Material for the task
*** Block opens ***

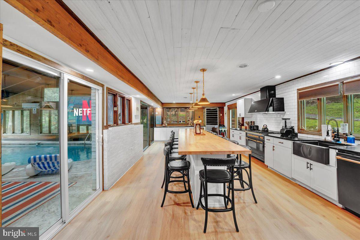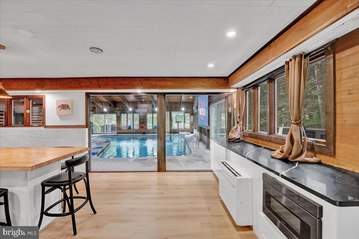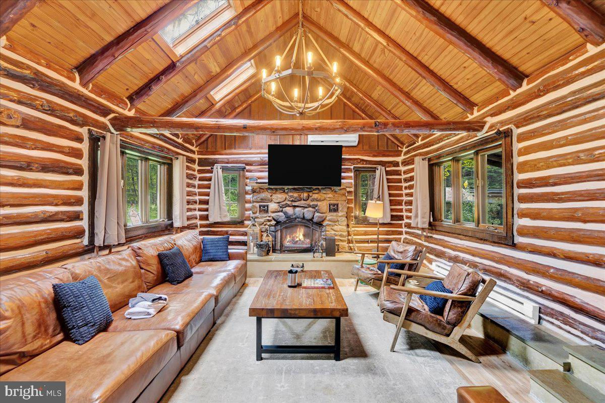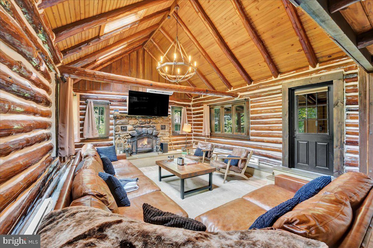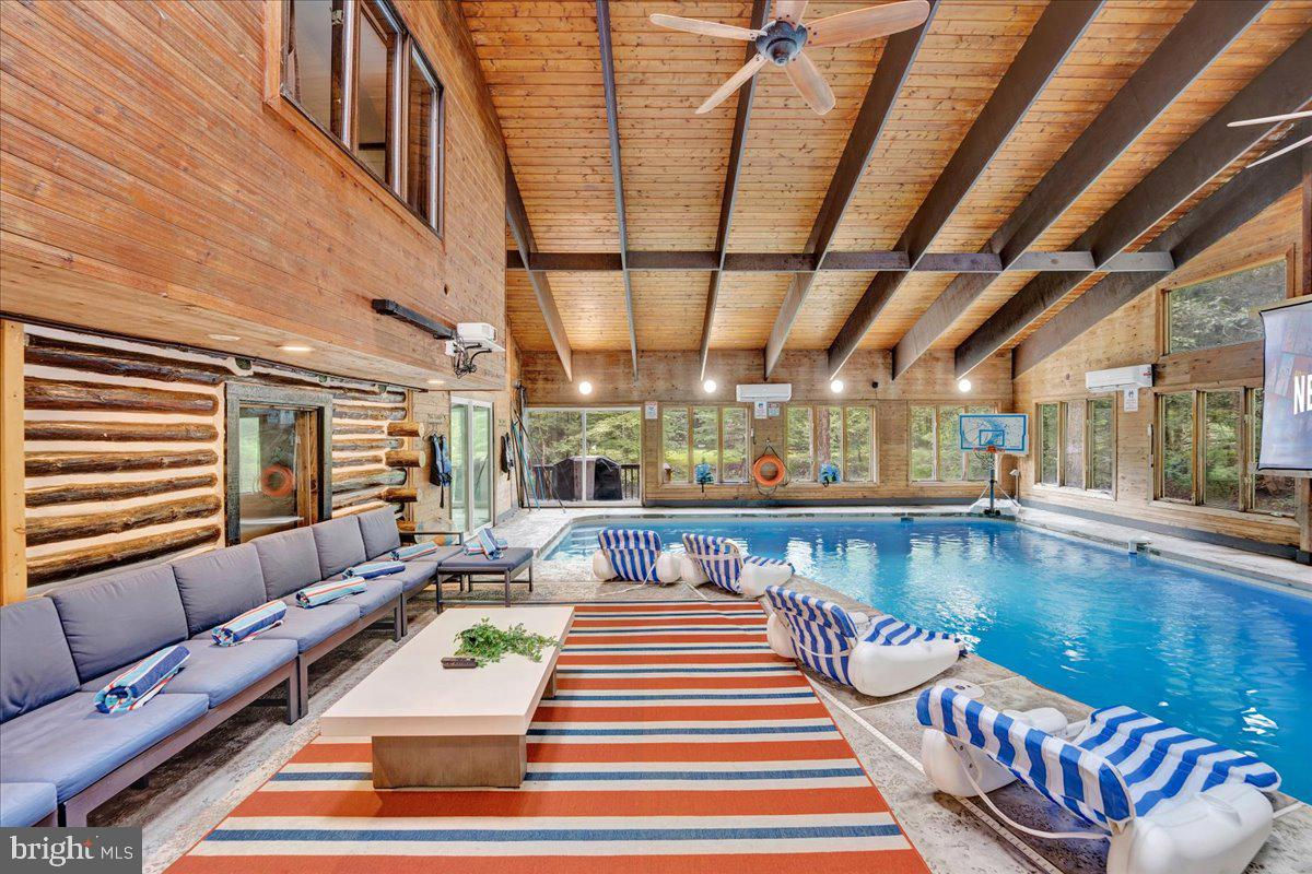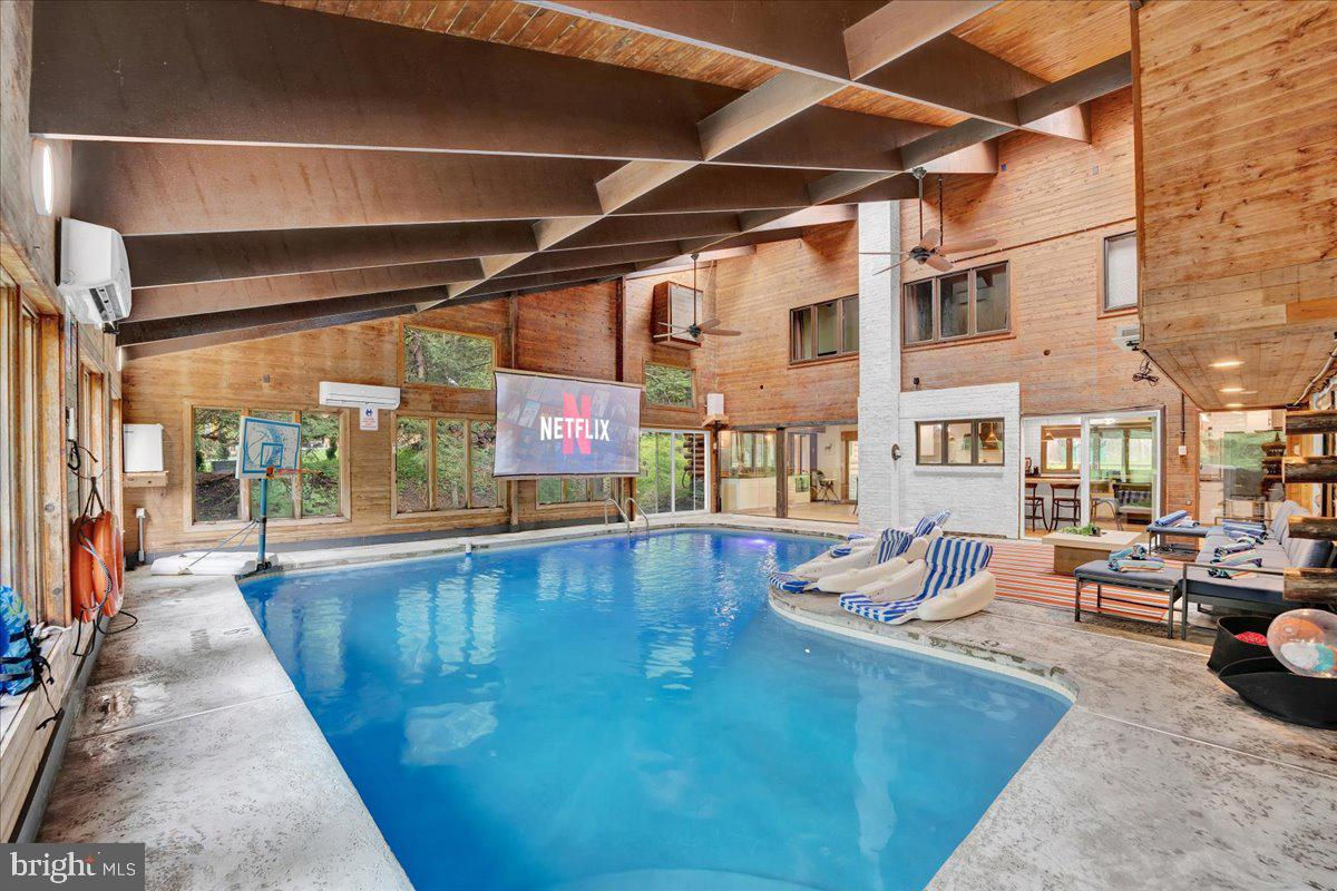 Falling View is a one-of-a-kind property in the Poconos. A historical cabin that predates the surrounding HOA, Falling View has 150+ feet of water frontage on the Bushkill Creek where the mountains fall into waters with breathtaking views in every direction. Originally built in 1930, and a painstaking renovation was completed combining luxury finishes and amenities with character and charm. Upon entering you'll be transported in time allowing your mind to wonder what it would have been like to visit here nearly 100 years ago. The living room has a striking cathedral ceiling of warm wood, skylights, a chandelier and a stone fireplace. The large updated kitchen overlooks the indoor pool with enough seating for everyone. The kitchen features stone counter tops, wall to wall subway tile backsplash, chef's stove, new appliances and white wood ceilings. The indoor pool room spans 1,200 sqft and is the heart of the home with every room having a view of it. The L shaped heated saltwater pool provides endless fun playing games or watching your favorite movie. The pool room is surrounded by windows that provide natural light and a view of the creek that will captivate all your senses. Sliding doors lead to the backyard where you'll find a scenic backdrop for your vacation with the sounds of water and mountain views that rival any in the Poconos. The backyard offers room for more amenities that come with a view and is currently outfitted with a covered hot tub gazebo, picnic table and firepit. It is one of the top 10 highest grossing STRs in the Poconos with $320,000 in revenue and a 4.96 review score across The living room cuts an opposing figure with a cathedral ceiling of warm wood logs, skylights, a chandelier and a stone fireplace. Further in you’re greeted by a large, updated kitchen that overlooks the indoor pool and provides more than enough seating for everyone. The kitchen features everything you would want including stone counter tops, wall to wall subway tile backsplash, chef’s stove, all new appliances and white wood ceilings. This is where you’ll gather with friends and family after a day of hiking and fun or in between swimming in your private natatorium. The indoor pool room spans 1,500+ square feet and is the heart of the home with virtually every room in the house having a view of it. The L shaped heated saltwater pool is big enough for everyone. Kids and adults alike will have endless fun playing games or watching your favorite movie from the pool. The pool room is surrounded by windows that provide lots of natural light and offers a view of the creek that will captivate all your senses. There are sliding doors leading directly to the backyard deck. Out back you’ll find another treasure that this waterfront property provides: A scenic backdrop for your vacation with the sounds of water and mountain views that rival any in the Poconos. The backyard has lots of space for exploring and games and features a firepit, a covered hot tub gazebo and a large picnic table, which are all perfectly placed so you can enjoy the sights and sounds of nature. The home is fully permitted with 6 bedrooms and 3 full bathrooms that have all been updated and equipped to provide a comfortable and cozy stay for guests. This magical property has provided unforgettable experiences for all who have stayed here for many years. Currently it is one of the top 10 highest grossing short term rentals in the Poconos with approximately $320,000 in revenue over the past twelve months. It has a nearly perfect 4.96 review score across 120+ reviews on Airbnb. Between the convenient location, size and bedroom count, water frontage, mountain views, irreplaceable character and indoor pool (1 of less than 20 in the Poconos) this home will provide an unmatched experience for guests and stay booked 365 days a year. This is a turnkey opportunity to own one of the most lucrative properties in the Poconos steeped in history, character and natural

*** Block closes ***
*** Block opens ***

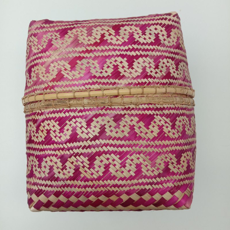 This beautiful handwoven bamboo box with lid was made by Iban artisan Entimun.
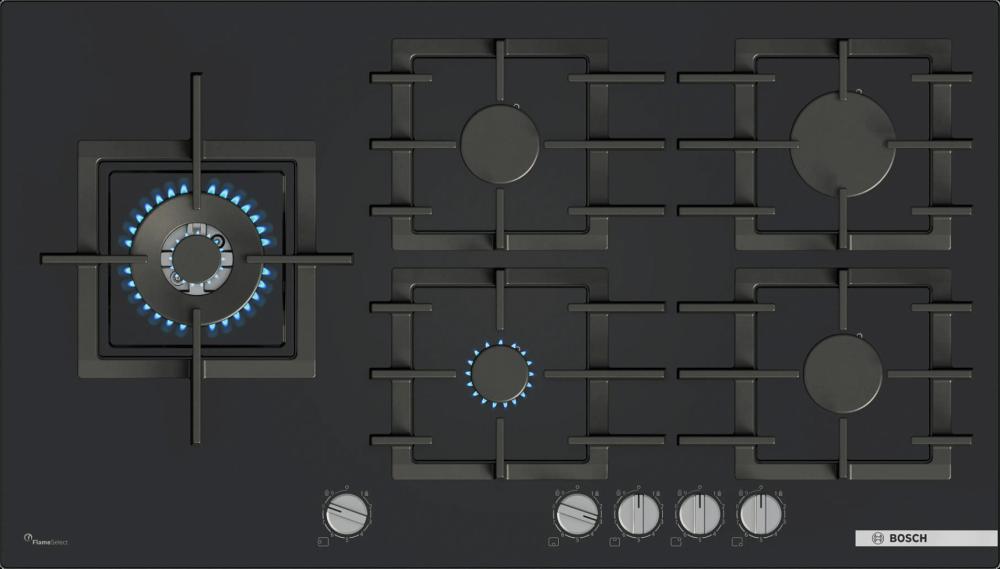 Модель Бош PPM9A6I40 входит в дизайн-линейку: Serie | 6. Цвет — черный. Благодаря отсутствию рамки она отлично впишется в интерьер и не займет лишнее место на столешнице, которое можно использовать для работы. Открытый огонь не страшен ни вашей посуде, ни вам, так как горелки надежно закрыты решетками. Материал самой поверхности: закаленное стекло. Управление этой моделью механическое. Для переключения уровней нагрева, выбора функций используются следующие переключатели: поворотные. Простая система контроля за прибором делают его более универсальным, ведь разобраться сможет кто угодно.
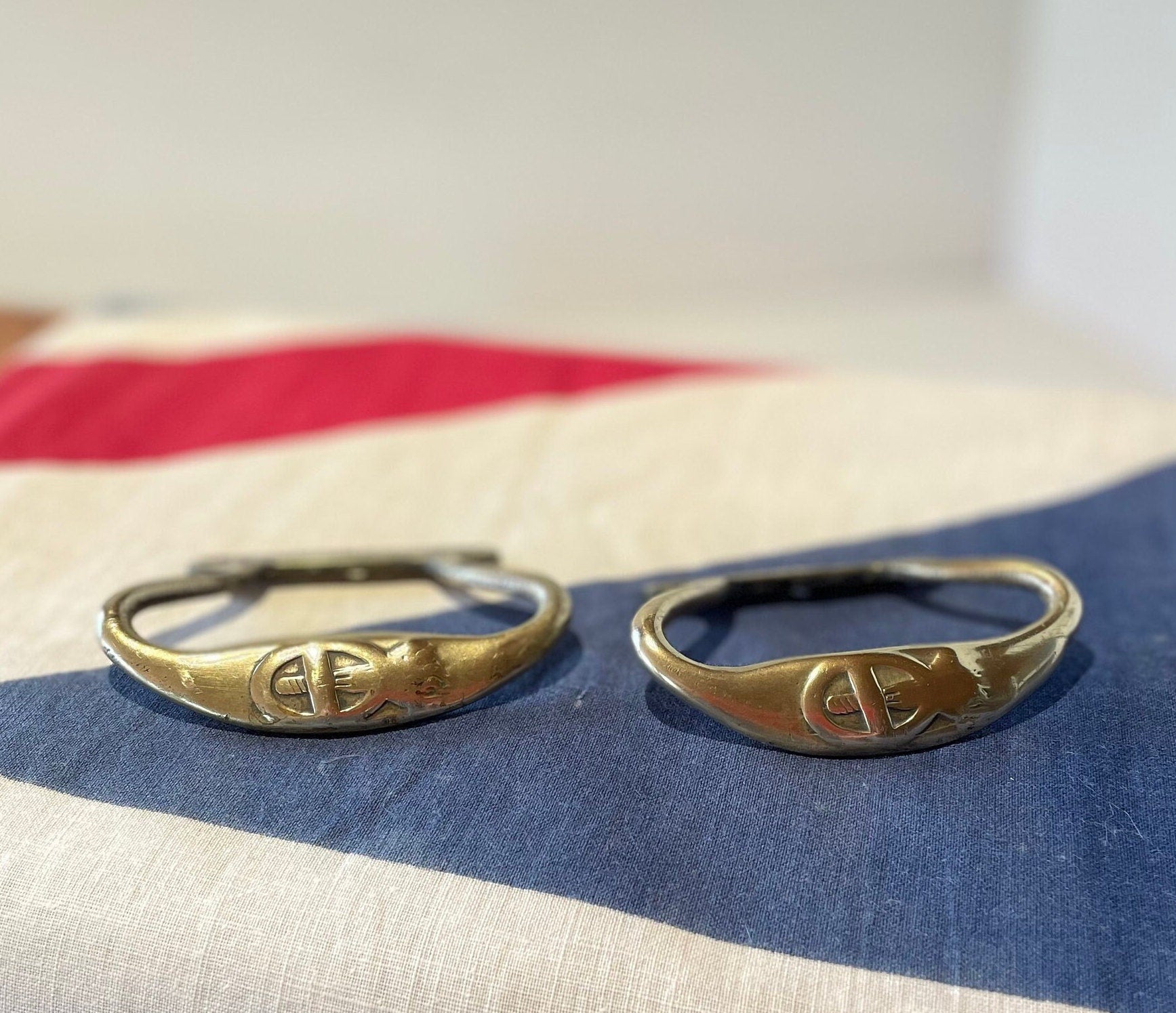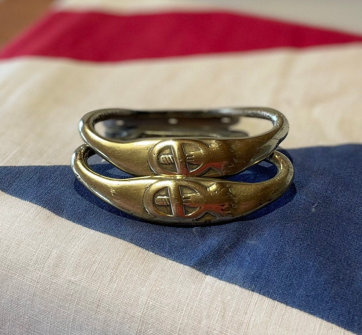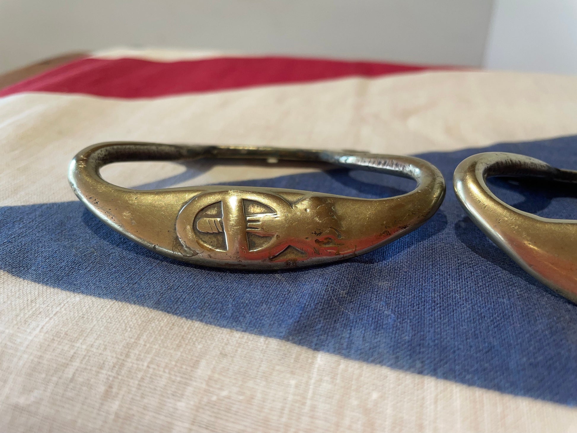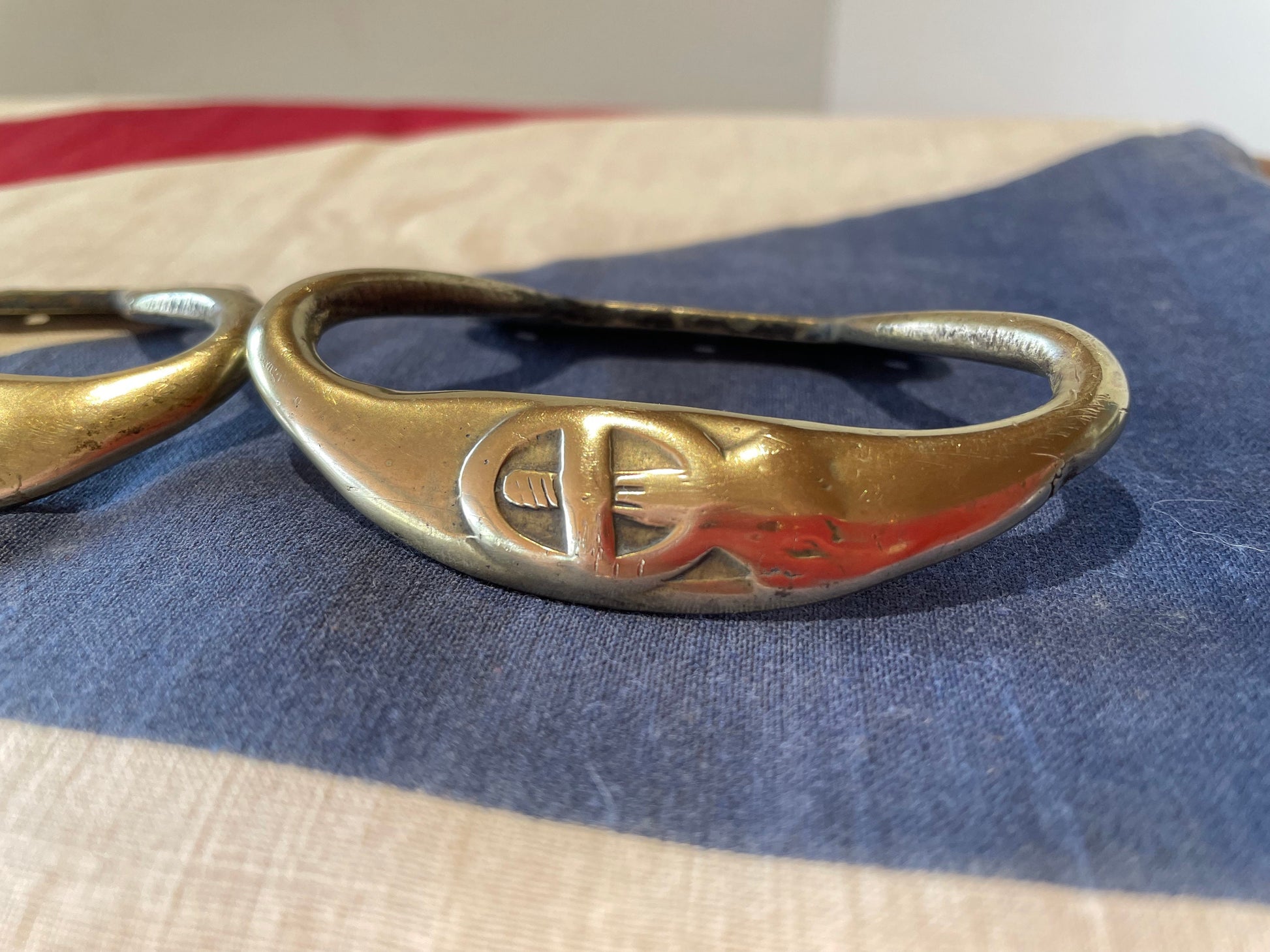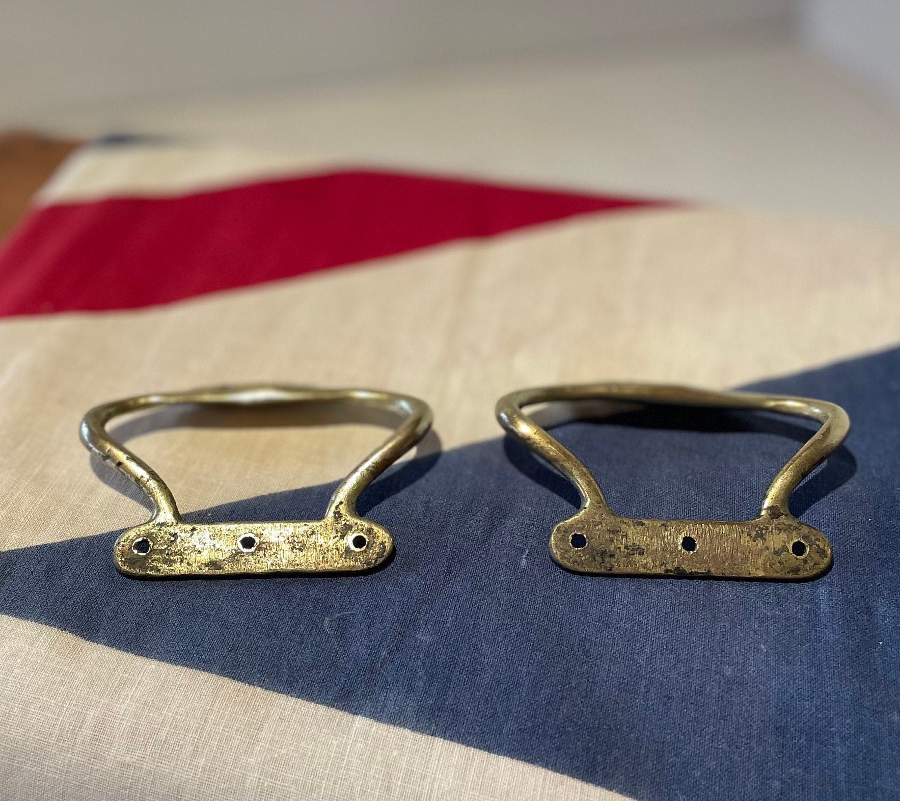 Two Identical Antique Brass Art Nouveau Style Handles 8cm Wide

*** Block closes ***
*** Block opens ***

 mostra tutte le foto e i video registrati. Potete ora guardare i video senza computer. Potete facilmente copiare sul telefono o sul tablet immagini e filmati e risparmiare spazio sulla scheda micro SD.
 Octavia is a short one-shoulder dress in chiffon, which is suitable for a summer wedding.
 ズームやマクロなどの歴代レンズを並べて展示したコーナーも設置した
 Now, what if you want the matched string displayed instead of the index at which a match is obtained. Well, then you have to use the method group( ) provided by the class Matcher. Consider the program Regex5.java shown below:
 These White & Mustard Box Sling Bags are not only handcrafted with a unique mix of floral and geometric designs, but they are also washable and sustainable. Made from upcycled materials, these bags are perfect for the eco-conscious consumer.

*** Block closes ***

Problem statement
Using the data above, print only the lines starting at the one with "This beautiful handwoven" and ending at the one with "Two Identical Antique", exactly as they stand, minus the pictures.

Expected answer
 This beautiful handwoven bamboo box with lid was made by Iban artisan Entimun.
 Модель Бош PPM9A6I40 входит в дизайн-линейку: Serie | 6. Цвет — черный. Благодаря отсутствию рамки она отлично впишется в интерьер и не займет лишнее место на столешнице, которое можно использовать для работы. Открытый огонь не страшен ни вашей посуде, ни вам, так как горелки надежно закрыты решетками. Материал самой поверхности: закаленное стекло. Управление этой моделью механическое. Для переключения уровней нагрева, выбора функций используются следующие переключатели: поворотные. Простая система контроля за прибором делают его более универсальным, ведь разобраться сможет кто угодно.
 Two Identical Antique Brass Art Nouveau Style Handles 8cm Wide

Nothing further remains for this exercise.